Negara (ANTARA News) - Sebuah gundukan di tengah laut yang memisahkan Pulau Jawa dengan Bali masih misterius, dan nelayan Desa Pengambengan, Bali, menyebutnya sebagai takat deken atau perairan penuh karang yang dangkal, tapi ada yang mengira itu gunung.

Dari cerita beberapa nelayan, di lokasi gundukan itu meski berada di tengah laut, saat air surut ketinggian airnya bisa hanya sebetis.

Tapi gundukan yang bila ditempuh dari Pengambengan memakan waktu 2 sampai 3 jam itu juga memunculkan kecemasan bagi warga. Mereka khawatir gundukan itu adalah gunung berapi.

Saihu, salah satu warga Desa Pengambengan mengatakan, banyak warga yang menduga jika gundukan itu adalah gunung.

Dugaan tersebut muncul karena bentuk gundukan tersebut mengerucut seperti pucuk gunung. Perairan yang dangkal itu kira-kira seluas 1 hektare.

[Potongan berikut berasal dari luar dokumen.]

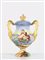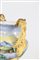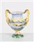 FANTECHI Vaso in ceramica decorata con anse e coperchio. -. Cm 25,00 x 28,00 x 20,00. Marchio presente. Piccole scheggiature.
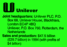 #1 world producer of ice cream; #1 world producer of margarine; one of the top five world exporters of dry milk powder; #1 European tea seller; #2 or #3 world producer of soaps and detergents; one of the top five world crushers of palm oil and palm kernel; one of world's largest producers of olive oil.
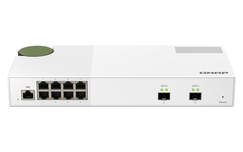 Der QSW-M2108-2S ist ein Layer 2 Web Managed Switch, der mit zwei 10GbE SFP+ Ports und acht 2,5 Gigabit-Ports ausgestattet ist. Der QSW-M2108-2S unterstützt Layer 2 Switching und Netzwerkmanagement über eine benutzerfreundliche Weboberfläche und bietet einen flexiblen Einsatz in hybriden Highspeed-Netzwerkumgebungen sowie eine Netzwerkverwaltungslösung für Einsteiger, die auch von Personen genutzt werden kann, die keine IT-Fachleute sind. Mit hoher Leistung, benutzerfreundlicher Verwaltung und Desktop Formfaktor ermöglicht der QSW-M2108-2S eine günstige Aufrüstung auf 2,5GbE oder 10GbE Netzwerke bei gleichzeitiger Optimierung der Bandbreite und Gewährleistung einer sicheren Netzwerkwartung.

Hanya bagian itu yang dangkal, sementara di sekitarnya merupakan perairan dalam. "Pernah ada nelayan yang coba mengukurnya dengan tali sepanjang 100 meter tapi tidak mencukupi untuk sampai ke dasar," kata Saihu.

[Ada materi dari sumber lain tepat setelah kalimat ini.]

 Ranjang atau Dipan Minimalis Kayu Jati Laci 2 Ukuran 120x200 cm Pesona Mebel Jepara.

Meski sampai saat ini gundukan itu tidak menunjukkan aktivitas sebagai gunung berapi, belakangan mereka khawatir ketika banyak gunung berapi di tanah air aktivitasnya meningkat, bahkan Merapi dan Krakatau sudah meletus.

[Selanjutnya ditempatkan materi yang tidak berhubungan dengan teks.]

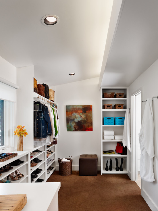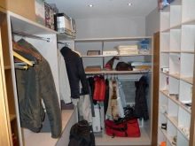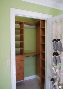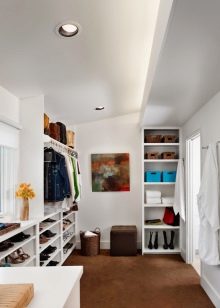 Storeroom or part thereof can be equipped with a wardrobe. To do this, make special hangers, put shoe boxes. Shoes better placed on the lower shelves. In such a room often leave old things that are rarely worn.

Menurut Saihu, kekhawatiran paling besar dirasakan beberapa warga yang yakin gundukan itu adalah gunung. "Beberapa warga bilang, kalau takat deken itu meletus bisa habis Pengambengan ini," ujar Saihu.

Meski banyak mendengar dugaan tetangganya tentang takat deken sebagai gunung berapi, Saihu sendiri belum sepenuhnya yakin.

"Saya sendiri antara percaya dan tidak, tapi banyak orang-orang tua yang percaya gundukan itu gunung," katanya.

Sebagai warga masyarakat, Saihu minta pemerintah meneliti dan memberikan penjelasan kepada warga, apa sebenarnya gundukan tersebut.

"Kalau memang itu hanya semacam karang atau pun bukit di bawah laut, kami bisa tenang. Tapi kalau benar-benar gunung, kami juga bisa hati-hati. Pemerintah harus memberikan penjelasan biar warga tidak menduga yang bukan-bukan," jelas Saihu.